**BRIEF**
Copy each line, word for word, from the one with "物通博联工业智能网关可以接入" through the final line of the listing, but skip the pictures.

**STORED DATA**

◇ ◇ ◇ ◇ ◇

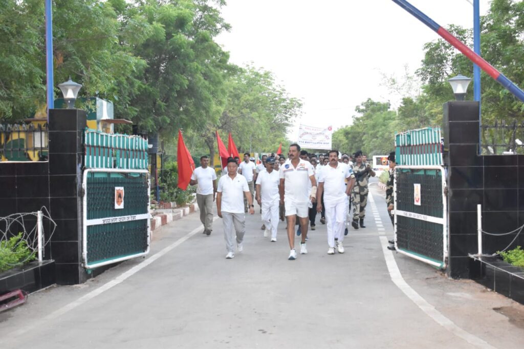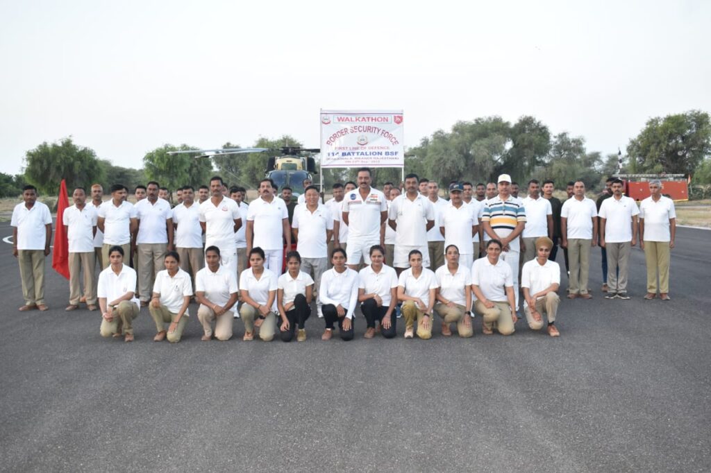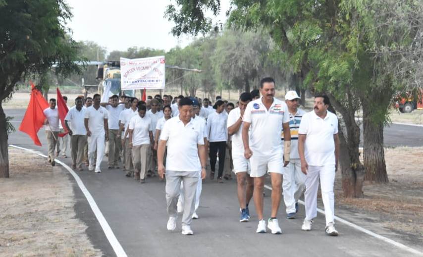 आजादी के अमृतकाल महोत्सव के तहत बीएसएफ 114 वीं वाहिनी सीमासुरक्षाबल मुख्यालय से डीआईजी पुष्पेन्द्र सिंह राठौड़ के निर्देशन में 7 किलोमीटर की पैदल यात्रा की गई। जिसमें बीएसएफ के जवान व अधिकारी उपस्थित रहे। यह यात्रा खाजूवाला स्थित बीएसएफ रिट्रीट परेड ग्राऊण्ड में आकर सम्पन्न हुई। यहां डीआईजी राठौड़ ने जवानों को हमेशा फीट रहने का संदेश दिया। साथ ही स्वास्थ्य का ध्यान कैसे रखे इस बारे में बताया। वहीं नियमित व्यायाम करने की सलाह दी। वहीं डीआईजी राठौड़ ने जवानों व अधिकारियों को आवश्यक दिशानिर्देश भी दिए। इस मौके पर डीआईजी पुष्पेन्द्र सिंह राठौड़, कमाण्डेंट महेन्द्र सिंह, सेक्टर कमाण्डेंट सतीश कुमार सेक्टर, डीसी जी ब्रांच दीपेन्द्र मोहन उनेटा, डिप्टी कमाण्डेंट विनोद बड़सरा, प्रताप भानू भाखर, अजयवीर सिंह सहित दर्जनों अधिनस्त अधिकारी व जवान तथा महिला जवान उपस्थित रही।
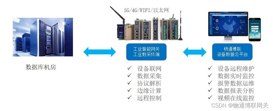 物通博联工业智能网关可以接入各类型PLC、传感器等设备,实时采集数据并上传到校园机房监控平台,从而监控机房设备运行状态、环境变化,快速接收报警信息并采取措施,维护机房安全,避免重大事故。
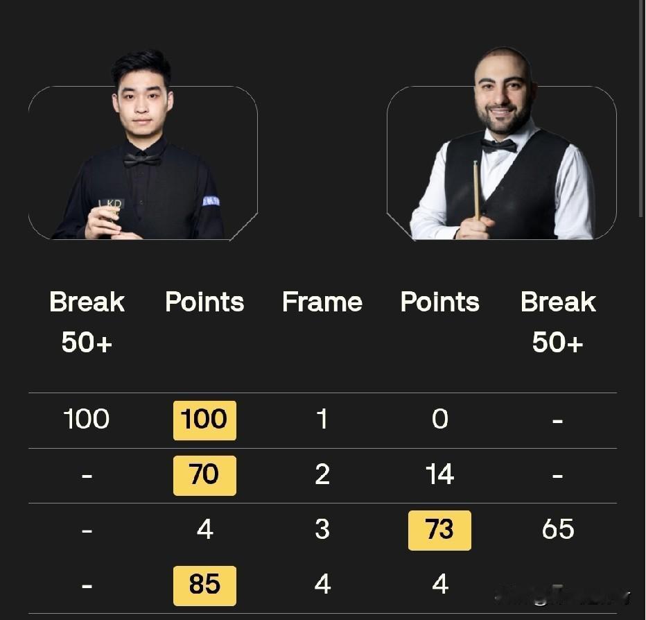 种子选手果然实力非凡,斯佳辉延续了本届斯诺克世锦赛种子选手的出色状态。 在与瓦菲的第一阶段上半场比赛中,4:1领先。首局斯佳辉就单杆轰出100分,之后又70:14拿下了第二局。虽然瓦菲单杆打出65分扳回一局,但第四局中斯佳辉再次轻松拿下后,3:1暂时领先。 此前已经有9名中国球手结束了自己的比赛,4名种子选手赵心童、吴宜泽、丁俊晖、肖国栋悉数晋级16强,而5名资格赛晋级的球员全部被淘汰出局。 除了斯佳辉,还有一名中国球手没有登场,那就是明天凌晨将会亮相的庞俊旭。他也是从资格赛杀进正赛的。

◇ ◇ ◇ ◇ ◇

**FINISHED EXERCISE**
 物通博联工业智能网关可以接入各类型PLC、传感器等设备,实时采集数据并上传到校园机房监控平台,从而监控机房设备运行状态、环境变化,快速接收报警信息并采取措施,维护机房安全,避免重大事故。
 种子选手果然实力非凡,斯佳辉延续了本届斯诺克世锦赛种子选手的出色状态。 在与瓦菲的第一阶段上半场比赛中,4:1领先。首局斯佳辉就单杆轰出100分,之后又70:14拿下了第二局。虽然瓦菲单杆打出65分扳回一局,但第四局中斯佳辉再次轻松拿下后,3:1暂时领先。 此前已经有9名中国球手结束了自己的比赛,4名种子选手赵心童、吴宜泽、丁俊晖、肖国栋悉数晋级16强,而5名资格赛晋级的球员全部被淘汰出局。 除了斯佳辉,还有一名中国球手没有登场,那就是明天凌晨将会亮相的庞俊旭。他也是从资格赛杀进正赛的。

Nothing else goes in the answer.